In light of her feelings for places and things, Susanna’s connections to people seem more tenuous in the novel. A younger sister, hardly mentioned, is just “the baby.” And though she’s enmeshed in the adult worlds of academia and the arts—observing her mother’s machinations to unite the nanny with the music instructor, her father’s musings on colleagues with Nobel Prize-winning potential—she lacks the subtext required of a full participant.

That difficulty led Kaysen to adopt a hybridized point of view: primarily adolescent, with occasional flashes of an older, wiser perspective. “I wanted some opacity, some retrospective perception, some older consciousness popping in now and then: What was her mother actually like? What was her parents’ relationship actually like?” she asks. “It was problematic for me, because I did think that there would be something lacking if the narrative were entirely confined to what, for instance, a seven-year-old child could notice and understand.

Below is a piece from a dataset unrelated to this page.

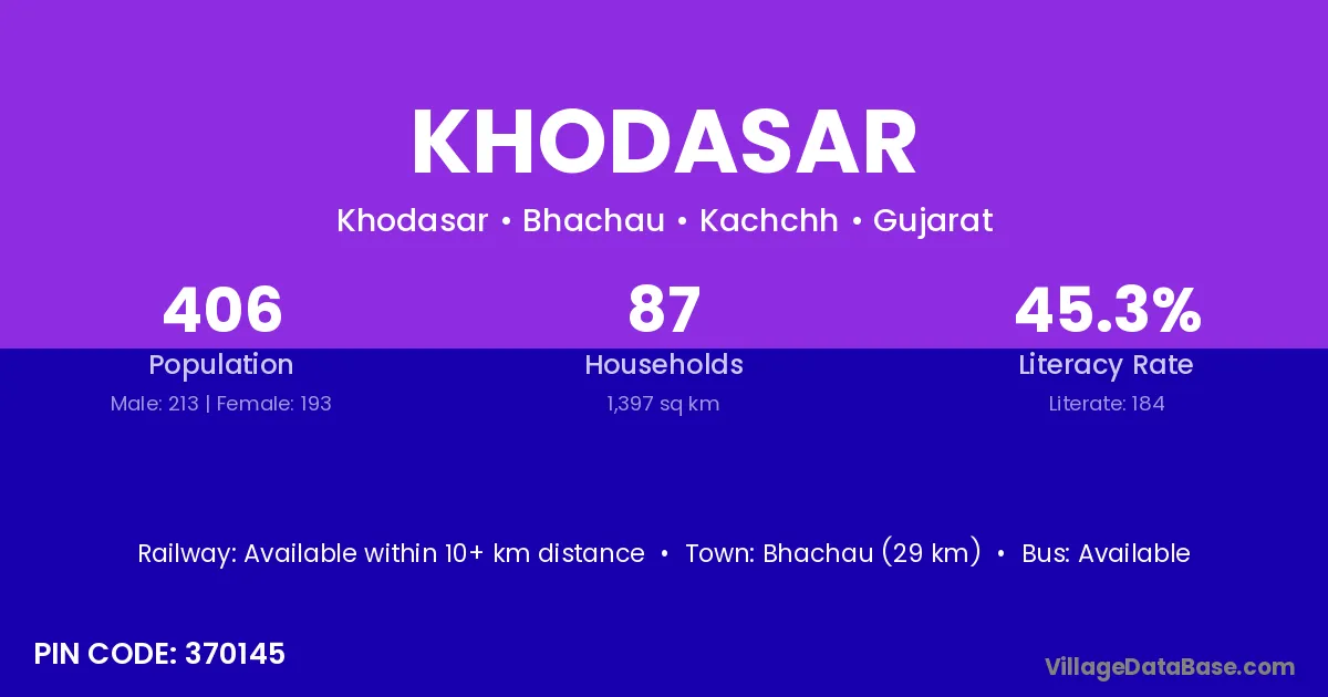 Bhachau (29 km) is the nearest town to Khodasar village for major economic activities and is located approximately 29 km away.

But since she gets older, I get older, there’s less of that confining pressure as the book goes on.”kaysen_cover

Though the family alights in Cambridge more than once during the course of the book, the place fails to cure Susanna’s malaise. “I couldn’t locate the problem—I couldn’t tell if the problem was ‘real’ or just something the matter with me. Maybe while I was away Cambridge had gotten worn out and dirty and unappealing. A worse thought was that it had always been like this, but I hadn’t known it. Or maybe it was both. Maybe I’d changed and Cambridge had also changed,” she writes.

Maybe it’s just lonely to be a logophile among the mathematically minded, exacerbated by having to be the new girl in a series of cities and schools. “What’s so hard about being a child is you just have no control over anything, and I remember that just driving me insane,” Kaysen says.

Readers may see a Girl prequel in Cambridge—though that certainly wasn’t its author’s aim. Rather, Kaysen intends it as the first installment of a chronicle of place.

“I have been obsessed with my hometown all my life, and I’ve always wanted to write a long, great—great as in large—complicated book about this place, which I’ve been trying to do since I was in my twenties, when of course I could not even begin to. Now that I’m heading towards that last section [of life], I feel that maybe I can,” says Kaysen. “My hope is that, if I’m able to write a second volume, that I will continue to be the ‘eye’—the watcher, the reporter—but I would like it to be less about me and more about Cambridge itself.”